1978 Shetland referendum

Results
| Choice | Votes | % |
| Yes | 9,126 | 89.88% |
| No | 1,028 | 10.12% |
| Valid votes | 10,154 | 99.29% |
| Invalid or blank votes | 73 | 0.71% |
| Total votes | 10,227 | 100.00% |
| Registered voters/turnout | 14,242 | 71.81% |

= 1978 Shetland referendum =

In March 1978 a referendum was held in Shetland regarding the position of the isles within a potential Scottish Assembly. The isles' MP Jo Grimond had submitted an amendment to the Scotland Bill seeking to establish a commission in the event of a successful vote for a Scottish Assembly. This amendment faced opposition from the Secretary of State for Scotland, Bruce Millan.
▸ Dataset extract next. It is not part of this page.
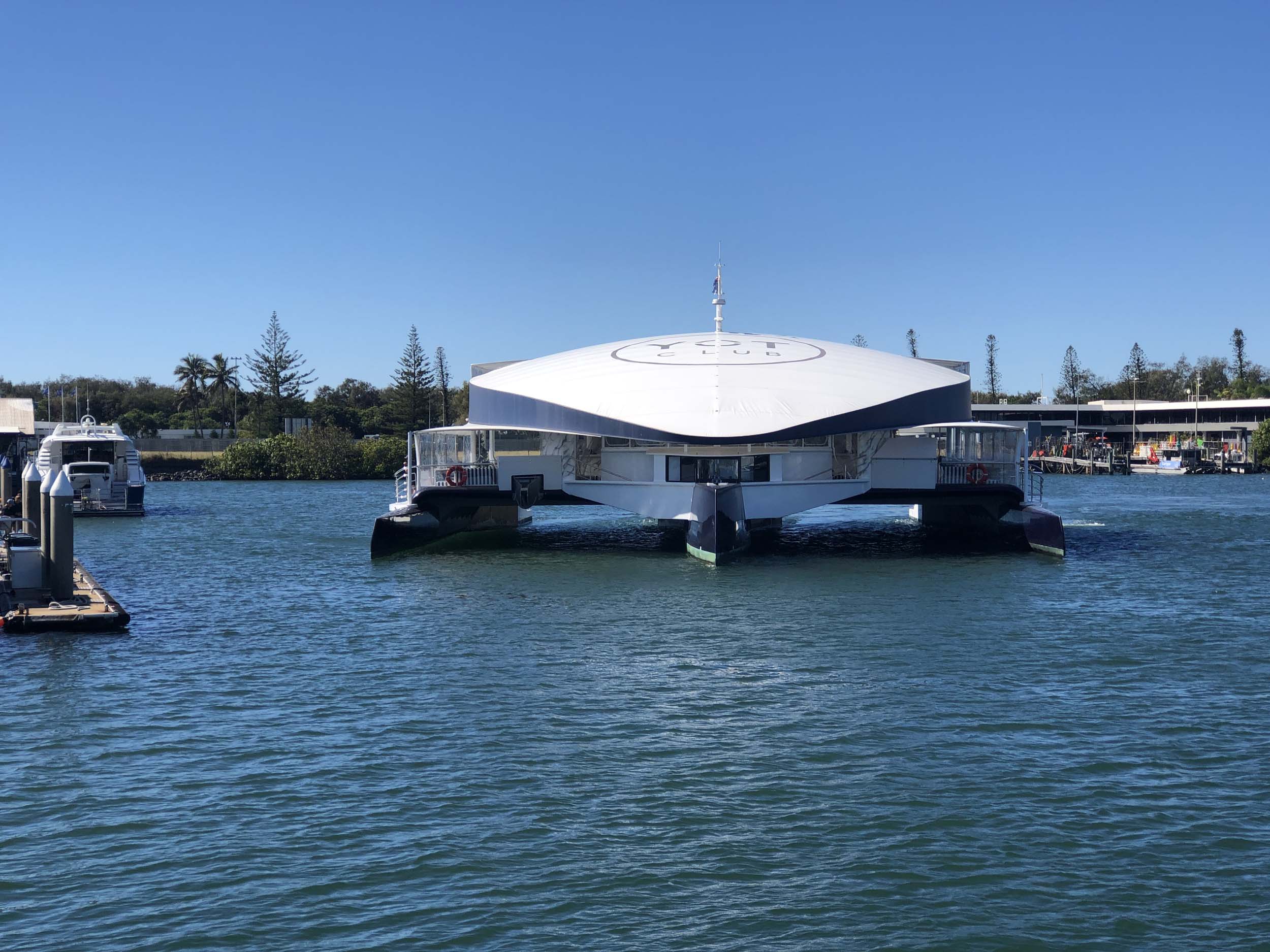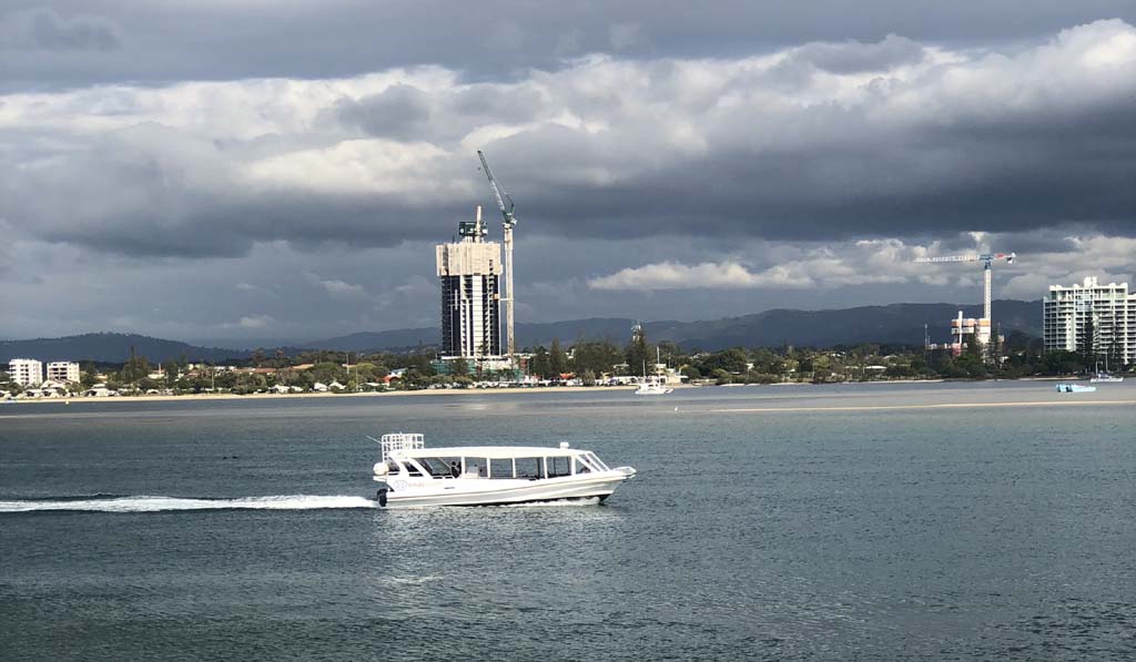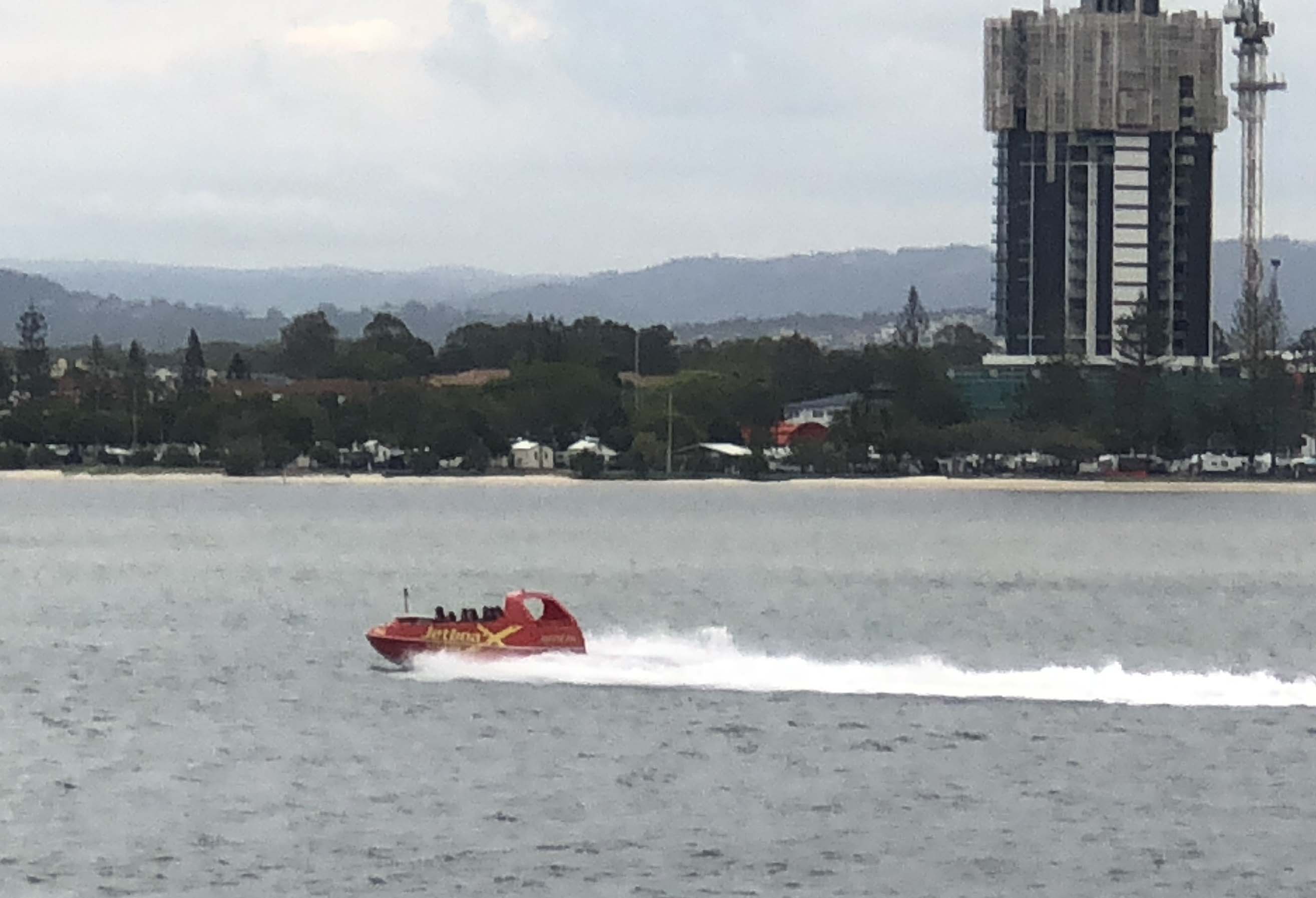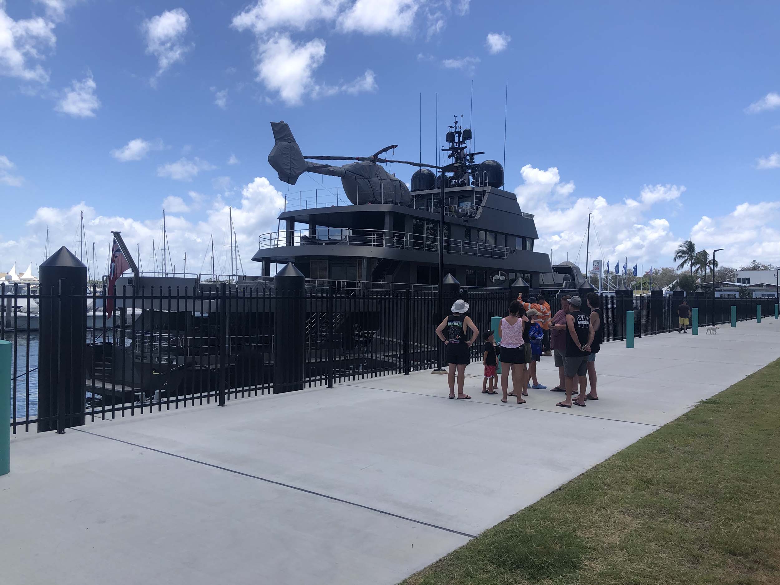 I left The Spit, and continued along the Shared Path that runs beside Seaworld Drive, rode through Muriel Henchman park, did a lap of the Seaworld carpark, then past Helitours which is on the jetty. Continued past the Southport Yacht Club, took a photo of Clive Palmer's $40m tinny.

With Jo Grimond's support, the Shetland Islands Council held the referendum to gauge the electorate's support for its position in the hope that it would give the council a mandate to push for separate consideration for Shetland in the Bill.

The question asked was:

In view of the proposals for devolution for Scotland, do you agree that the Shetland Islands Council should continue to press for Shetland's position to be considered through the establishment of a commission as proposed by Mr Grimond?

==Results==

| Choice |  | Votes | % |
| Yes |  | 9,126 | 89.88 |
| No |  | 1,028 | 10.12 |
| Total |  | 10,154 | 100.00 |
| Valid votes |  | 10,154 | 99.29 |
| Invalid/blank votes |  | 73 | 0.71 |
| Total votes |  | 10,227 | 100.00 |
| Registered voters/turnout |  | 14,242 | 71.81 |
Source: Shetland in Statistics, 1980

== Aftermath ==
The referendum provided a resounding victory for the Council and Grimond's position, and the Scotland Act 1978 would contain provisions for setting up a commission for Orkney and Shetland.

Plans for a Scottish Assembly ultimately failed as a result of the 1979 Scottish devolution referendum, ensuring a continuation of the status quo for Shetland. However, the constitutional debate fostered in part by the referendum led to the creation of the pro-autonomy Shetland Movement.